Toute l’œuvre de Luc-Olivier d’Algange consiste à nous inviter à ce double dialogue entre le visible et l’invisible, à pénétrer le jeu dualiste pour le traverser, tout en appelant à l’élégance. C’est que l’élégance, ou plutôt les élégances du verbe, traduisent la nécessité de l’essence qui est liberté. Il en appelle avec insistance, parfois avec rage, à la poésie, vaisseau idéal pour voguer sur l’océan des contradictions et des rumeurs dualistes vers l’autre rive…, une poésie qui ne saurait être séparée d’une métaphysique.
« Lorsque la Révolution et la Contre-Révolution fourvoient le « faire » et le « défaire » dans l’inane et le vulgaire, le « contraire d’une Révolution » maintient l’être, durant l’interrègne, dans la plénitude de son possible. Baudelaire, penseur de l’ultime, va jusqu’au bout des prémices maistriennes, il les applique rigoureusement, en persistant dans une façon d’être qui est aussi une façon de dire. La lucidité baudelairienne départit son pessimisme de la tentation que serait le péché contre l’espérance. La leçon maistrienne tient Baudelaire sur ses gardes : « Défions-nous du peuple, du bon sens, du cœur, de l’inspiration et de l’évidence ». Tout le romantisme révolutionnaire et contre-révolutionnaire, si encombrant et si cacophonique, est ainsi déjoué en une seule phrase. Ce qui importe, c’est de sauvegarder la musique et l’espace. « La musique, écrit Baudelaire, donne l’idée de l’espace. Tous les arts, plus ou moins ; puisqu’ils sont nombre et que le nombre est une traduction de l’espace. » Le poème le redit : « La musique creuse le ciel ». L’immobilité du poète garde la vastitude et l’unité. »

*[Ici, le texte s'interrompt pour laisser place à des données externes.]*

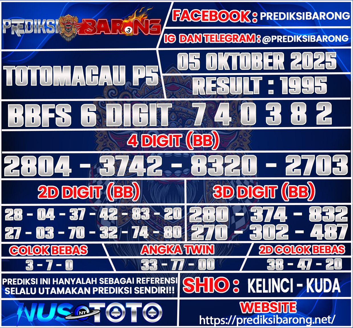 selamat datang di Situs Prediksi Barong. Prediksi Barong merupakan situs prediksi angka togel yang berasal dari situs togel terpercaya dan teramanah yaitu NUSTOTO. Prediksi Barong sendiri sudah berdiri dari tahun 2018 hingga sekarang dan kualitasnya sudah di uji oleh para ahli paito dan pecinta togel resmi. Hari ini Prediksi Barong telah menyediakan Prediksi Toto Macau P5 Minggu 05 Oktober 2025 untuk anda semuanya. Apa Itu Prediksi Barong?

La musique est un art de l’intervalle, c’est pourquoi elle garde libre l’accès à l’être. Toute l’écriture de Luc-Olivier d’Algange est musicale. En chef d’orchestre, il compose une symphonie du silence et de la grâce sur les dires de nos penseurs-poètes. Contre les outrecuidances des « cadavres ajournés », il suscite une révolte sacrée, plutôt qu’une révolution et une contre-révolution réplicantes et stériles. Cette musique porte le voyage, voyage vers Dieu, voyage en Dieu, voyage initiatique en tous les cas, voyage qui est toujours « retour au centre ». L’ange du retournement n’est pas loin, sans lequel le voyage serait vain, sans Esprit :
« On pourrait dire du Saint-Esprit qu’il se présente à l’intelligence humaine sous la forme d’une spirale de Moebius. Tout écrivain qui laisse se manifester en ses signes écrits les éclats du Saint-Esprit écrit comme sur un ruban où l’avers et l’envers, l’intérieur et l’extérieur, le songe et le réel se changent perpétuellement l’un en l’autre dans la courbe qui témoigne de l’essor du mouvement. N’importe quelle bande de papier peut opérer à cet office médiateur. Encore faut-il savoir le joindre par l’opportun retournement herméneutique. Il y a des écritures plates, qui débutent et s’interrompent (et qui, par quelque subterfuge rhétorique font passer leur interruption pour une fin) et des écritures retournées, qui révèlent l’unité de l’envers et de l’endroit dans le recommencement. Telle est la littérature que nous nommerons métaphysique : non une littérature qui représente des idées, des notions mais une écriture qui se retourne sur elle-même et recommence. »
Le lecteur de Luc-Olivier d’Algange doit, lui aussi, accepter d’être retourné afin d’apprendre à « voir ».